Purdue Partners with Digital Envoy for its “Data for Impact” Program – MarTech Series

Digital Envoy, a pioneer of IP intelligence and high-quality consent-based location data, is partnering with the Purdue University School of Management for its data for good program, Data for Impact, on research examining how retail crime impacts consumer demand and how accessibility to public transportation can be improved.
Digital Envoy introduced the concept of privacy-sensitive IP-based geolocation and IP intelligence in 1999. The technology allows businesses, from ad networks to publishers, websites, retailers and more, to harness the power of location and new intelligence about connected users for many mission-critical applications.
The Data for Impact program aims to educate consumers about the realities and benefits of IP and geolocation data, reform the location data industry from the inside out, and provide the advantages of location data to causes and organizations that otherwise might not have access to it.
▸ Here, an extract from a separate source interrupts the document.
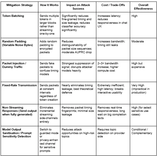 The systemic nature of Whisper Leak means it cannot be fixed with a simple cryptographic patch. Providers must fundamentally change the data transmission pipeline, often introducing trade-offs between security, latency, and resource overhead. The research evaluated three mitigation strategies to quantify their effectiveness:

“Offering data for projects that are working to do good in the world is our way of giving back. We’re helping to level the playing field between the organizations fighting for positive change and the high budget interests they often fight against,” said Digital Envoy President Jerrod Stoller. “By utilizing aggregated data that protects user privacy, Data for Impact provides data information and resources to three core areas — protecting human rights, navigating nature, and shedding light around economic uncertainty.”
Federico Rossi, assistant professor of management, and Ting Zhu, the Jack A. Hockema Chair in Management, are leading the research efforts for Purdue’s School of Management. The Krenicki Center for Business Analytics and Machine Learning formed the partnership with Digital Envoy and will work with researchers to process the data.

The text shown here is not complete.